Rengard's ancient eyes remained closed.
"Not him."
"Foolish faith," Yuran snapped. "You gamble on a child bonded to the Abyssal Fang."
A tense silence fell. Even the wind held its breath.
Rengard opened his eyes then—two voids of quiet fury.
"He is not dead."
"How do you know?" Kael asked softly.
Rengard did not answer.
Instead, his gaze lifted toward the distant heavens.
Because he could feel it.
A faint hum within the ley lines beneath his feet. An irregular pulse—not one of death, nor life, but something in between.
Severance.
Yet fragile.
"He's still inside."
And alive.
Barely.
Elsewhere, within the inner sanctum of the Ember Vault, Seris knelt before a pool of still water, her fingers trembling over its surface.
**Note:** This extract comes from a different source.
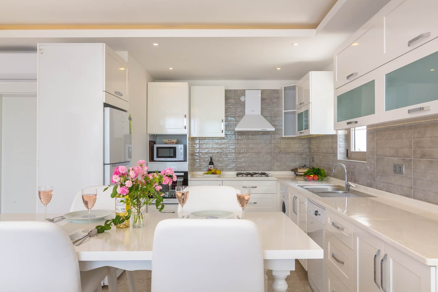 Сначала обратите внимание на то, что на кухне нет навесных шкафов, а только высокие напольные шкафы со встроенной техникой — даже вытяжка спрятана. Это все делает кухню еще просторнее, хотя проблем с площадью, как мы можем заметить, нет

The scrying formation failed to answer her call.
Again.
"No... no, this doesn't make sense..."
Her mind raced.
Lucius had promised he would survive.
He always did.
Yet the pool remained dark.
She felt her heart clench.
Lucius.
Where are you?
Behind her, the masked overseer of the Vault stepped silently into the chamber. His voice, a whisper laced with judgment:
"You place too much hope in a boy walking the edge of the Abyss."
Seris didn't respond.
"I should have followed him," she whispered.
"You would have died."
"Then so be it."
At that, the masked overseer fell silent.
For long moments, Seris remained kneeling, her eyes burning with helplessness.
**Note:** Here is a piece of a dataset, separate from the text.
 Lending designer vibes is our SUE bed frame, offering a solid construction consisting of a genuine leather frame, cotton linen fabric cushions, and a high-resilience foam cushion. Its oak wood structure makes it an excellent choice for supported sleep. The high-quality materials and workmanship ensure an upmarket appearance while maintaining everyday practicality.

Beyond the Ember Vault, across the scattered sect territories, rumors spread like wildfire.
Lucius Ashborne.
The prodigy vanished.
A child marked by destruction.
Within the Council of Nine's shadowed halls, robed figures debated his fate in hushed tones.
"Do we intervene?"
"No."
"Then we wait?"
"For now."
"Do you not feel it? His presence… it is severing something."
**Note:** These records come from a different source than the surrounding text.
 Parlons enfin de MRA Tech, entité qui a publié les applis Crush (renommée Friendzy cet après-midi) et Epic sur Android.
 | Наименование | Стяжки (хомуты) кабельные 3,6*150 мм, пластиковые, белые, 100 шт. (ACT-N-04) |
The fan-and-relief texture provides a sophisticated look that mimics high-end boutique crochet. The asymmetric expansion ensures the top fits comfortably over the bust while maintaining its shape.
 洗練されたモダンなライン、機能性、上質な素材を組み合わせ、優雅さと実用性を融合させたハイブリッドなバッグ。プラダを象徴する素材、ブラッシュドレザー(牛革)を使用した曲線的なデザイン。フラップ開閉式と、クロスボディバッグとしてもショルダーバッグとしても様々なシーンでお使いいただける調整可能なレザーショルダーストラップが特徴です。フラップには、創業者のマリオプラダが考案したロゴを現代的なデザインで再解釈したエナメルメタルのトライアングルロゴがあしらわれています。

Eyes hidden behind bone masks glimmered.
"And if he survives?"
Silence.
"If he survives, then the world changes."
At the edges of the Ember Vault grounds, disciples whispered near the sealed gates. Fear seeped into their words.
"Maybe he's dead."
"Good. Better than him turning into another Heaven Destroyer."
"He's cursed."
"He's our only chance."
Their voices fractured, fear feeding on ignorance.
But in the shadows, far from their whispers, the dragonlings beneath the nursery stirred restlessly.
For somewhere deep below, Lucius still fought.
Back atop the Vault, Elder Rengard spoke only once more that day.
"Ready the contingencies."
Kael turned. "What do you mean?"
"If he fails to emerge..."
Rengard's voice hardened, colder than steel.
"We break the seal."
Yuran paled.
"To save him?"
Rengard shook his head.
"No."
"To end what remains."
And the sky rumbled.
In the suffocating blackness of unconsciousness, Lucius dreamt.
A desolate plain stretched before him.
Yevdel stood upon one side.
Klaigos stood upon the other.
Between them, Lucius.
Neither figure spoke.
Yevdel's Severance Blade pulsed silently.
Klaigos's Demonic Sword burned with endless flame.
Opposing forces.
Lucius looked down.
His hands were empty.
Then, Yevdel whispered.
"You sever."
Klaigos's voice followed.
"You consume."
Lucius looked at both—and said nothing.
Then the dream shattered.
Lucius awoke.
He wasn't sure how much time had passed. His body trembled, muscles sore. Yet within his core, he felt the Severance Spiral rotating slowly.
Twilight Qi… stable.
For now.
He sat up, clutching his chest.
Breath after painful breath.
"I'm not done."
Not yet.
The Severance Spiral was only the foundation. A beginning.
But a beginning was enough.
He looked toward the sealed obsidian doors.
Even the darkness could not hold him forever.
Not anymore.
His voice cracked but held resolve:
"Now... I cut deeper."
And once again, Lucius began.
His body trembled as he forced the spiral into motion once again. Twilight Qi, dense as obsidian mist, resisted violently. Each loop of the spiral carved fresh lines of agony through his meridians. Blood seeped from the corners of his mouth, yet Lucius pressed forward, unwilling to yield. His breathing grew ragged. His vision flickered. He could feel his core threatening to fracture under the strain, yet something deeper—his will—refused collapse.
"Sever... everything," he whispered, tightening the spiral. His very qi screamed, yet the rotation sharpened. Twilight Qi obeyed not strength, but refusal. And Lucius refused to fall.